Heart, you may feel; head, you may think, but Marline, darling, you’re showing this animal the error of his ways.
“Love comes first, reasons follow, you know,” he said.
“What?” I looked at him.
“I’m sorry,” he said. “Forgive me.” I rolled every letter in my head.
My mind flashed into the future, when he had hurt me again. I felt like I was piecing together the shards of a broken glass only to have it shatter again.

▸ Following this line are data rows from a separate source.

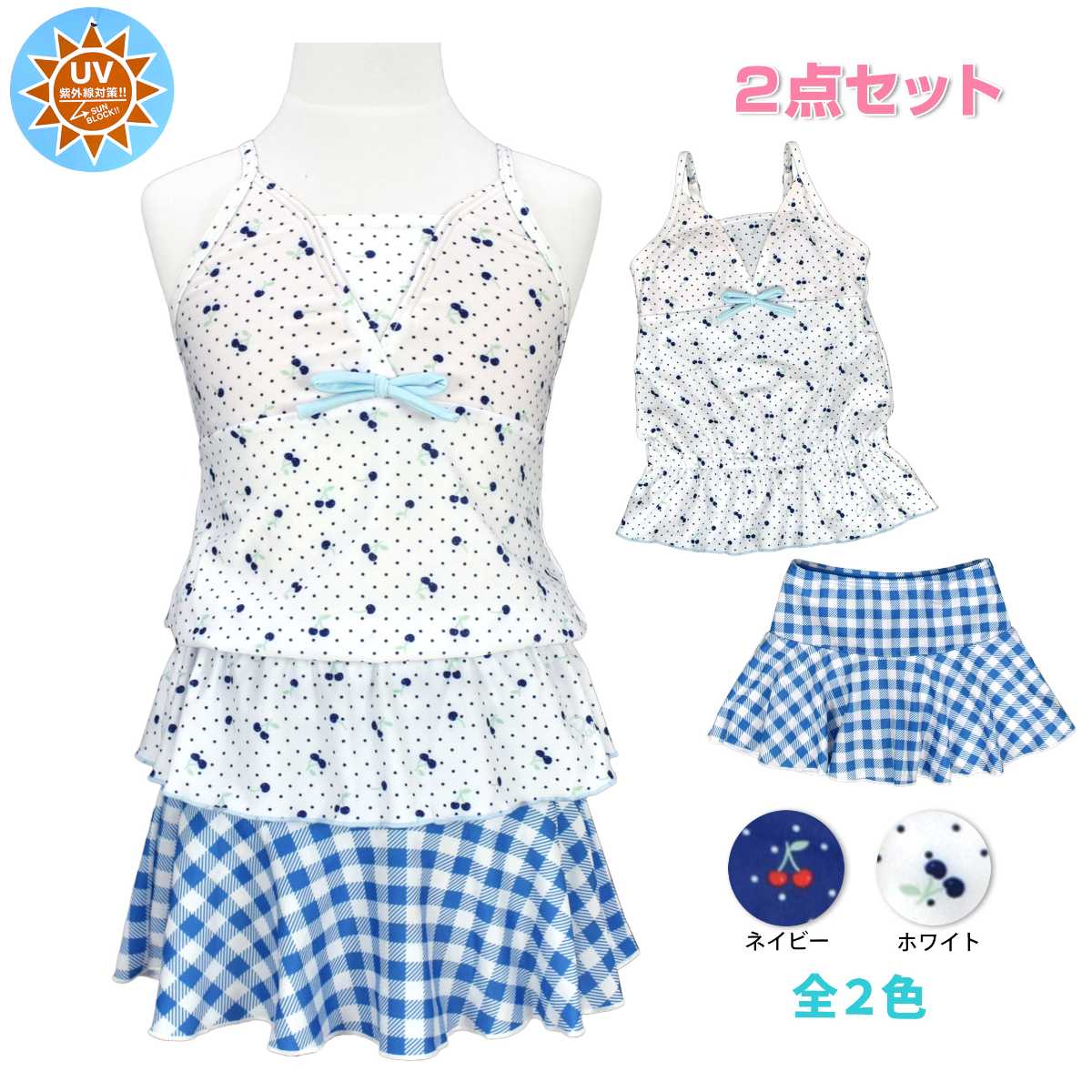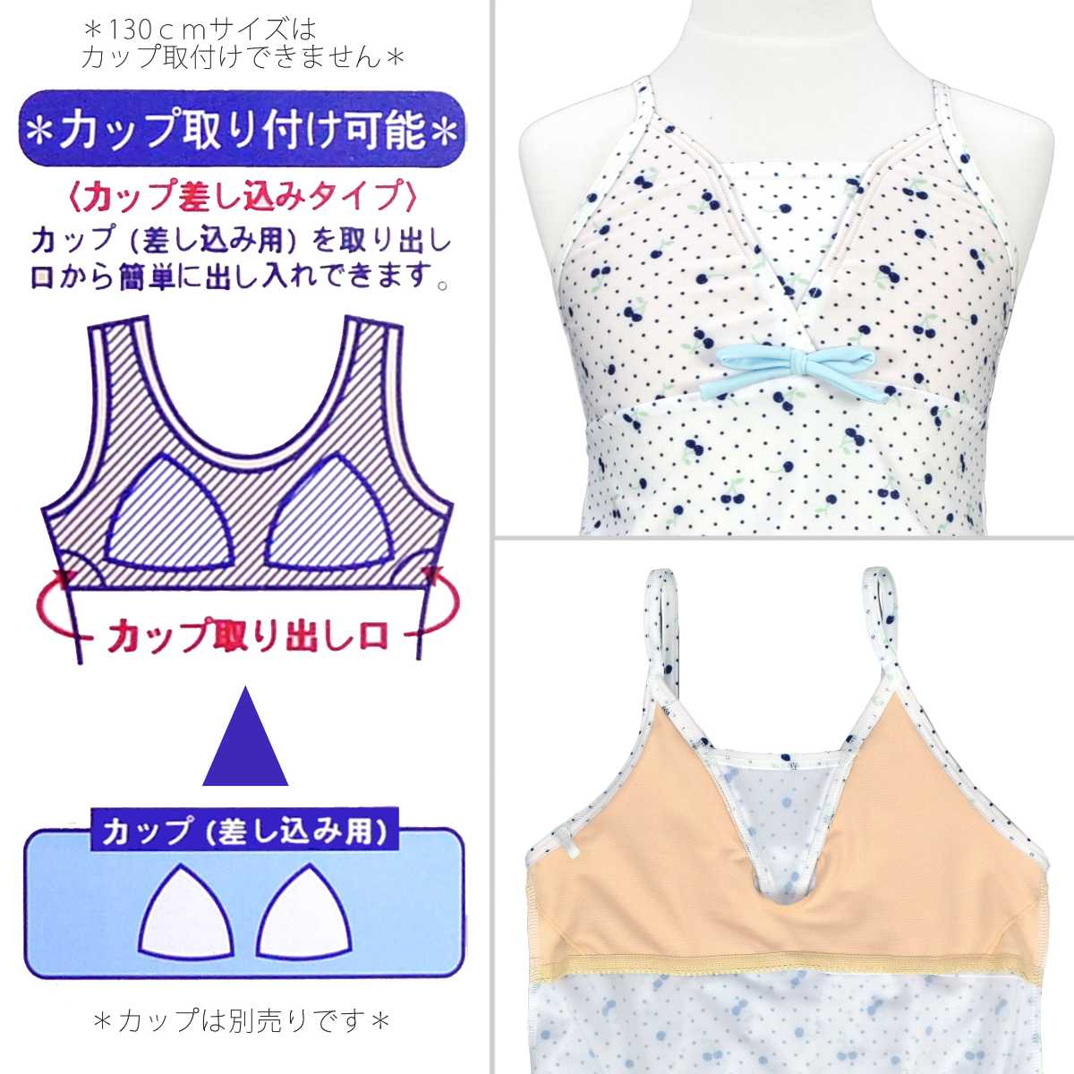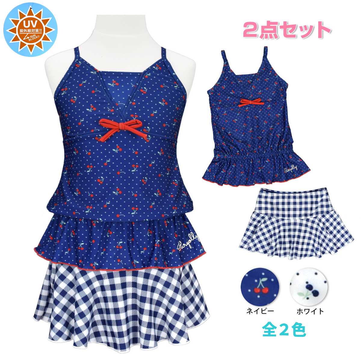 ☆ 商 品 説 明 ☆ UVカット加工 さくらんぼ柄 セパレート 水着。 さくらんぼ、ドット、チェック柄が可愛い2点セットのスイムウェアです。 トップスは肩ひもが調節可能なキャミソールタイプ。 裾にはゴム入りなので捲れずらいデザインです。 ボトムスはスカートとショーツが一体型のスカパンタイプ。 スカートとショーツはしっかり縫い付けてあるので無くす心配がありません。 UVカット加工で紫外線対策もバッチリです。 130cmは胸元内側に布付き、カップ差し込み口無し。 140cm-160cmはカップ差し込み口あり。取外しも可能です。 (カップは別売りです。)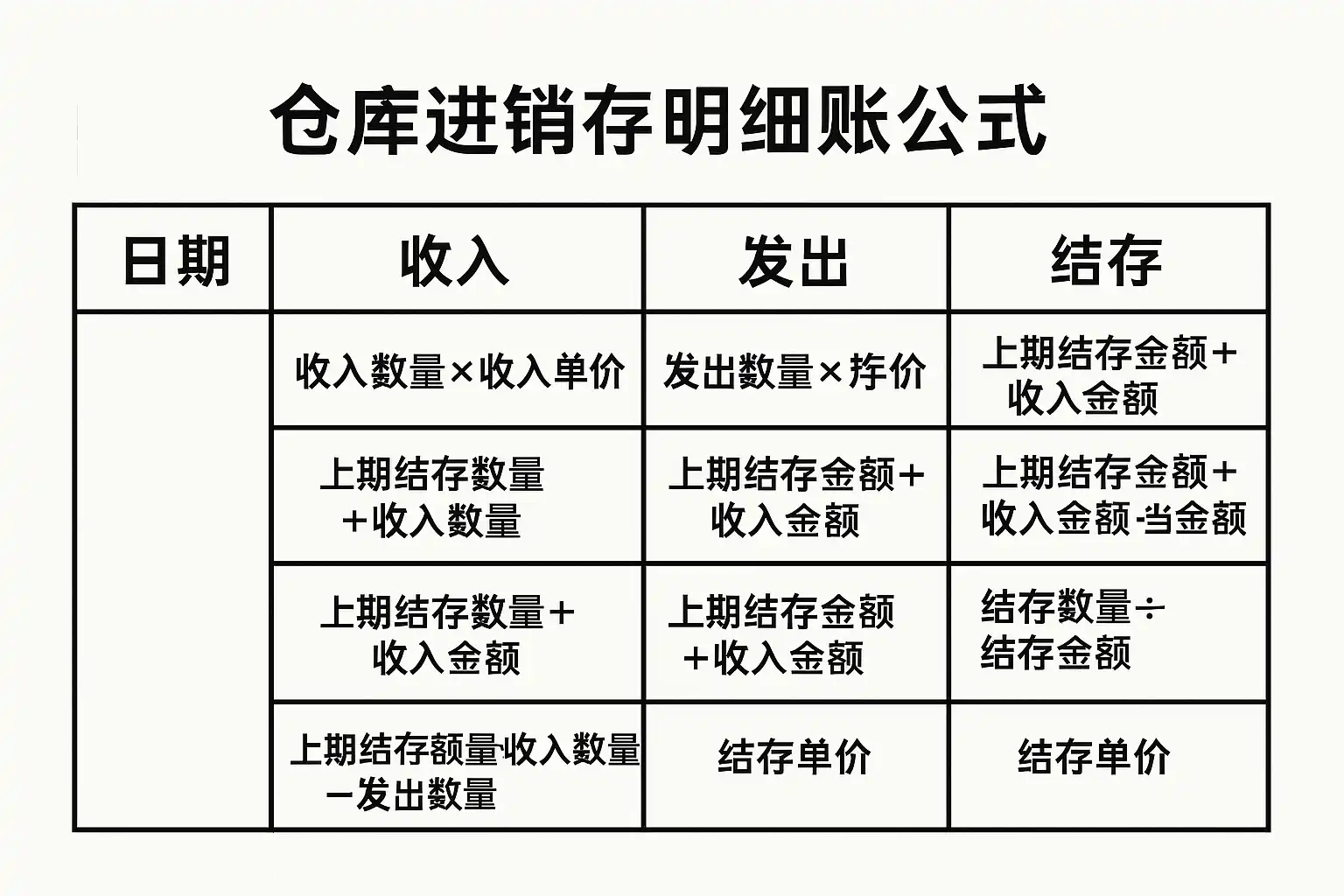 仓库进销存明细账的核心在于通过合理的公式结构,实现对物资流动全过程的动态记录。以下是最基础且通用的计算方法: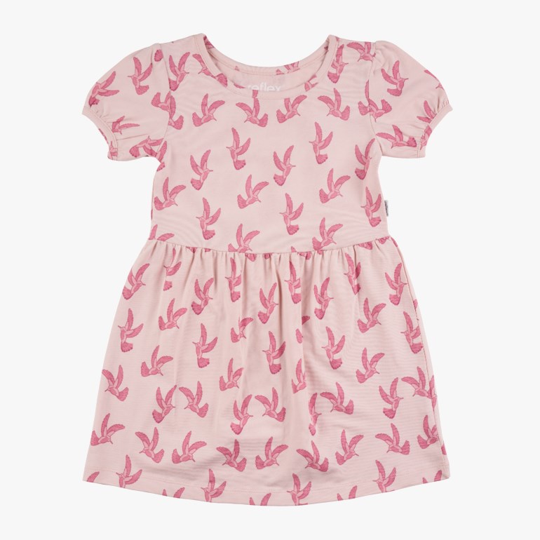 Sommerlige, kortermede kjoler med print, til hverdag og fest. Laget i økologisk bomull som er delikat og myk mot huden og holder godt på fasongen. GOTS & Økotex-sertifisert produkt uten skadelige kjemikalier eller allergifremkallende stoffer. Str 74-80 cm 9-12 mnd – 122-128 cm 7-8 år. Materiale: 95% bomull, 5% spandex. Vaskeanvisning: Maskinvask 30 grader. For å ivareta både plagget og miljøet så godt som mulig, anbefaler vi å minimere antall vask så mye man kan. Vask gjerne av flekker med en klut og heng plagget til lufting når nødvendig. Dette vil forlenge levetiden på plagget, minimere energibruk samt skåne miljøet for unødvendig utslipp.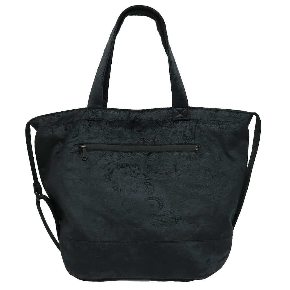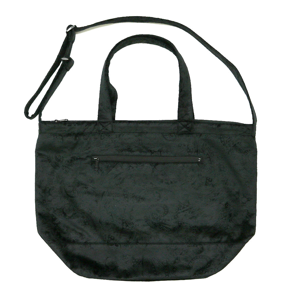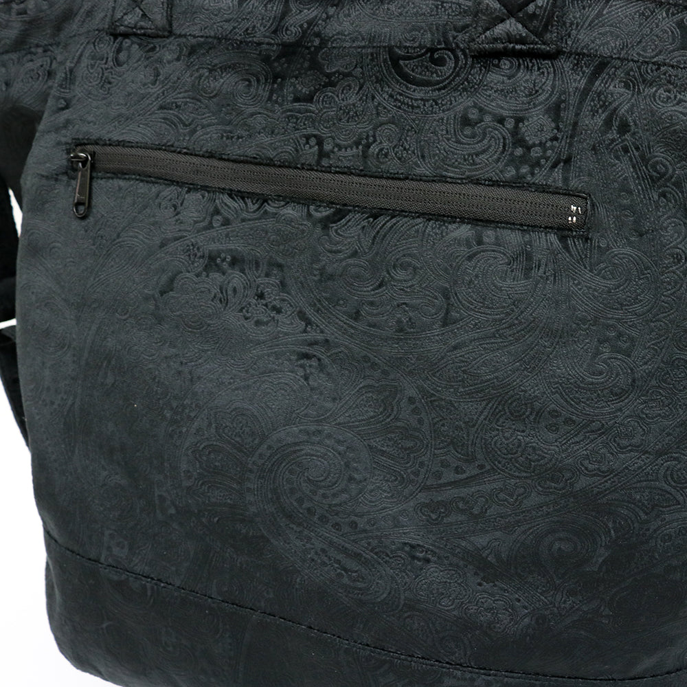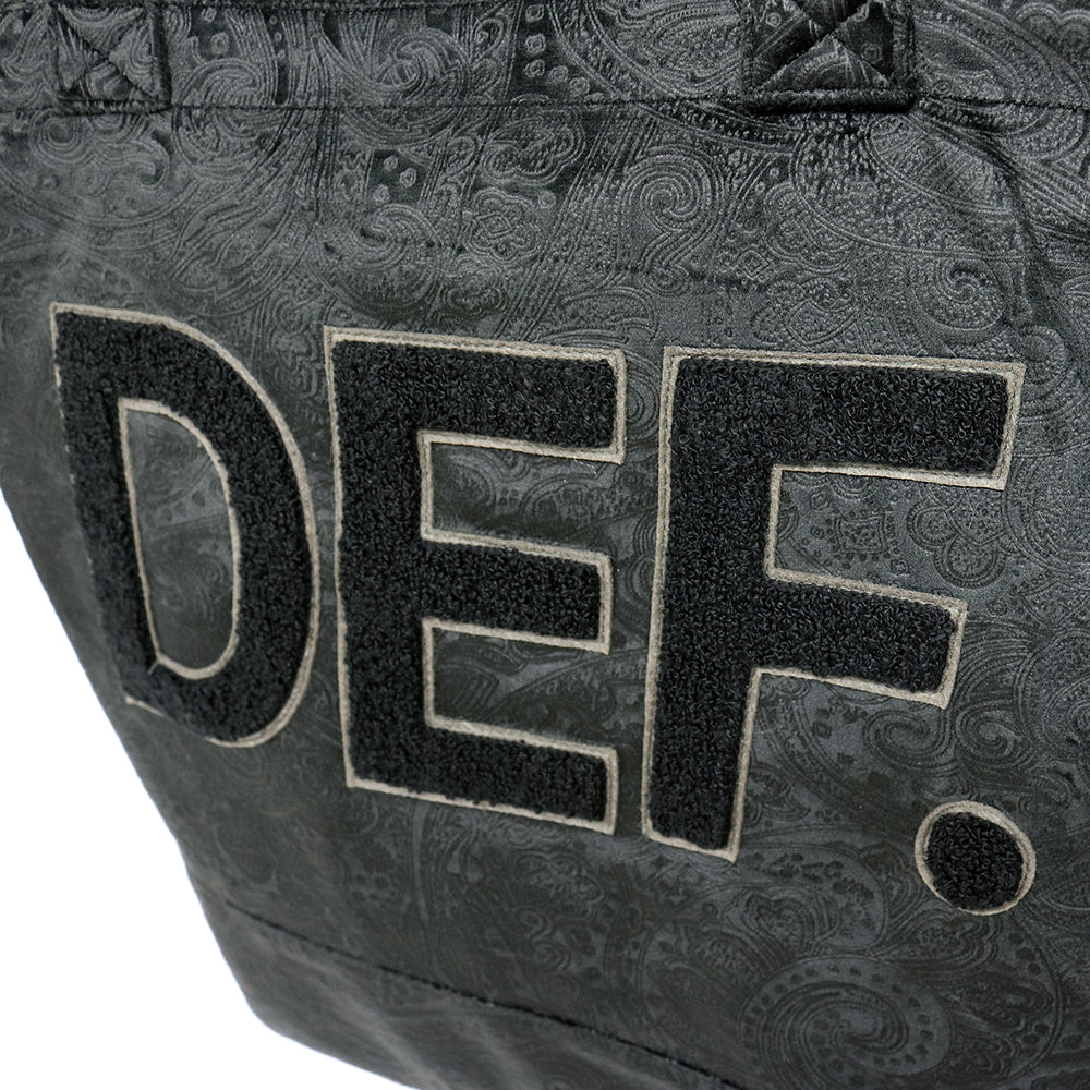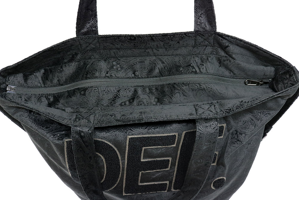 ベロアの少し起毛した特性を活かし型押しでペイズリー柄を表現した立体感のある生地を使用しています。2wayトートバッグはDEFACT定番のパターンで作成しています。ベロア生地は柔らかいため硬めの芯地を合わせ、バッグとして使用するのに程よい張り感を出しています。鞄口はファスナーで開閉できる仕様です。トートバッグとショルダーバッグの2ウェイで使えます。ショルダーは使わない時はバッグの中に仕舞えます。表面のDEF.ロゴはサガラ刺繍ワッペンで縁取っていて、表面の片面はファスナー付きのポケットです。

“I’m here, I’m I not?” I said.
When he went down on me, he flicked his tongue over me but time did not stop like the first time he did it. When he kissed me, I did not close my eyes. I want to carry the look on his eyes forever.
The world did not spin when he was inside me. I raised my hips, moved with his deep thrusts, wriggled like a snake as if I was breaking free shackles off my wrists, exorcising demons, freeing myself with the soft moans that escaped my mouth.
***
I meant to hold her and never let go of her. Yes, I had told her to leave my house, but it was because I was scared, I couldn’t take care of her. I thought she was going to die on me and complicate my life more. Forbidden love is poison.
Long after midnight, serene in her sleep like a baby in my arms, I listened to her post-coital breathing even out against my chest. She was back in my arms, I was never going to hurt her; bigamy was a crime I was ready to be convicted for.
Unbroken happiness is a bore,the words of Moliere hang like a bad dream on my mind. It should have ups and down.
I was happy.
***
One minute I was asleep, snuggled in the crook of his arm, his semen drying up between my legs. Another, I stood over him, so gentle in sleep.
You don’t trifle with people’s emotions.No, you don’t get to trifle with my feelings, my heart.
There was no looking back. Your goose is cooked.
For the first time, I smoked, blew the smoke leisurely through my mouth and nose, and dropped the cigar.
The curtains caught fire first.
When he woke up, he hunched over and clutched his stomach. Then he started coughing, moaning, and screaming in that order.
I knew the kind of death he would have, but most importantly, the last person he saw and the voice he heard before he succumbed.